On Thursday night after I was finally feeling better and more able to talk, I got a new roommate from across the hall as they needed her room for a contagious patient. The next morning I was able to talk to my student nurse and then my daughter about what Jesus was doing in my life right and my roommate wanted to hear! So I took my little “4 laws” booklet over to her bedside and together we went through it. She understood so clearly! And when I got to the prayer part where one can ask Jesus to come in to one’s life, she prayer there, right out loud! We finished the book together with her making notes in a little notebook. She also gave me her name and number for me to follow up with her. I am trying to arrange transportation for her to church when she is better. Now, she has a reason to go and worship!

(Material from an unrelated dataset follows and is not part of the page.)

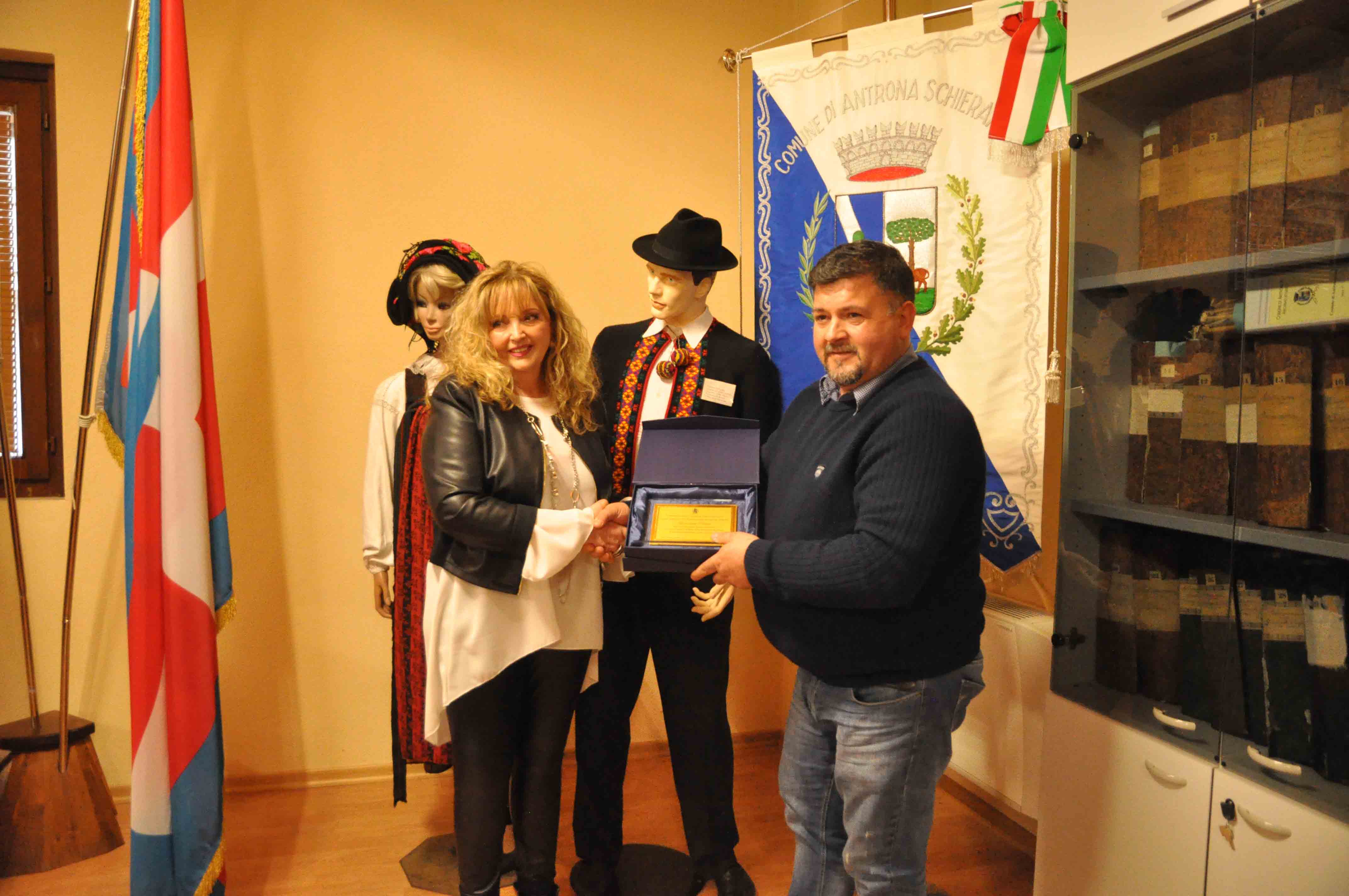 in comune ad Antrona verso il Ballo delle Deb, organizzatrice e protagonista, per avere permesso alla risela, la trina finissima eseguita ad ago, tradizionale della Valle Antrona, di essere messa in bella mostra sull'abito da sposa indossato dalla modelal domese Selena Russo. Martedì 20 in aula consigliare la cerimonia con la presidente dell'Associazione Ape vco Giovanna Pratesi, e la debuttante Selena Russo: “Presso il prestigioso Regina Palace Hotel di Stresa- spiegano da valleantrona.com- è andato in scena tra le note dell'orchestra dei G.M.O. (Giovani Musicisti Ossolani) l'evento più atteso dell'anno, il Ballo delle Debuttanti. Organizzato dalla Presidente dell'Associazione no profit Ape Vco Giovanna Pratesi, che quest'anno ha permesso di poter partecipare anche la Valle Antrona con il suo abito da sposa ricamato con la Risela. L'abito realizzato dalla stilista Maria Grazia Regazzi del negozio di Via Italia a Domodossola e ideato dalla Pro Loco Valle Antrona è stato indossato dalla debuttante Selena Russo di Domodossola, che ha così rappresentato in questa serata la Valle Antrona, valorizzando il tradizionale pizzo locale chiamato Risela. Si tratta di una trina finissima eseguita ad ago e costituita da una serie di nodi e asole, eseguiti con infinita pazienza da Jolanda Frisa (Maestra Ricamatrice). La trina della Risela, nella provincia del Verbano Cusio Ossola, viene eseguita solo in Antrona e fa parte della storia, come testimonia un quadro della Collegiata di Domodossola del 1615 in cui S.Carlo Borromeo, arcivescovo di Milano, è vestito con una cotta dal bordo decorato da una alta fascia di Risela. Presente all'evento anche il Gruppo Folcloristico di Antronapiana in qualità di testimonianza del ricamo, visibile sui loro splendidi costumi tradizionali lavorati sapientemente a mano. Il sogno così è diventato realtà, l'abito da sposa di Antrona è sceso per primo dall'imperiale scalinata del Regina Palace Hotel e a seguire le altre quindi debuttanti, così come fecero le prime Miss Italia , negli anni 40' e 50' dove l'Hotel Regina Palace ospitò le finali del concorso Nazionale e sul Lago Maggiore venne incoronata Lucia Bosè. Selena Russo è già un volto noto tra le passerelle italiane dove ha già conquistato diverse fasce tra queste Miss Eleganza e Miss Volto del Cinema 2017 e al mitico Piper Club di Roma la vista trionfare permettendogli a novembre 2018 in Spagna di rappresentare l'Italia alla finale di Miss e Mister Mediterraneo Global International. Martedì 20 marzo presso la Sala Consigliare del Comune di Antrona Schieranco si è svolta la cerimonia di ringraziamento che ha visto protagoniste la Presidente dell'Associazione APE VCO Giovanna Pratesi organizzatrice del Ballo delle Debuttanti di Stresa e la debuttante Selena Russo di Domodossola. Sulle note musicali di Agnese Ricchi e Matteo Carigi Violinisti appartenenti all'orchestra dei Giovani Musicisti Ossolani ha sfilato con l'abito da sposa Selena Russo. Presenti alla cerimonia insieme al Gruppo Folkloristico del Parco Naturale della Valle Antrona e gli Alpini, tutti i Sindaci dei comuni della valle, Claudio Simona di Antrona Schieranco, Alberto Preioni di Borgomezzavalle e Dario Ricchi di Montescheno insieme al Presidente del Consiglio di Domodossola Carlo Valentini. Il Sindaco di Antrona Schieranco Claudio Simona ha consegnato una targa di riconoscimento e un omaggio floreale a Giovanna Pratesi esprimendo gratitudine per aver valorizzato a Stresa il territorio della Valle Antrona ed ha premiato la debuttante Selena Russo Cenerentola di Antrona, per aver partecipato al Ballo delle Debuttanti indossando l'abito da sposa di Antrona ricamato con la Risela. In questa occasione è stato presentato in anteprima il libro "La risela di Antrona" di Jolanda Frisa edito da La Pagina di Villadossola. Soddisfatti Lucia e Massimo Gagliardini di ValleAntrona.com che hanno collaborato e portato a termine questo loro grande evento”.

My student nurse and I had this private suspended time while she was waiting on something or someone. It gave me the time to ask her questions about her schooling, time left, her family. Just stuff like that. Then out of my mouth came, “What are you going to teach your baby daughter?” That certainly was not a question I remember ever having asked before! But God knew it was the right question, because she didn’t know and she was worried about it. I asked her if she wanted to know some of the answers and of course she did! I gave her the other little booklet that I had and we talked about her coming to know Our Savior.
What a blessing Friday was! To have come through so much all week and then have God so richly use me was/is indescribable! Sometimes we do have to suffer to get where Jesus wants us to go. Obviously I couldn’t get well too fast, I needed to be there Friday! Now I am home on restriction, but am improving.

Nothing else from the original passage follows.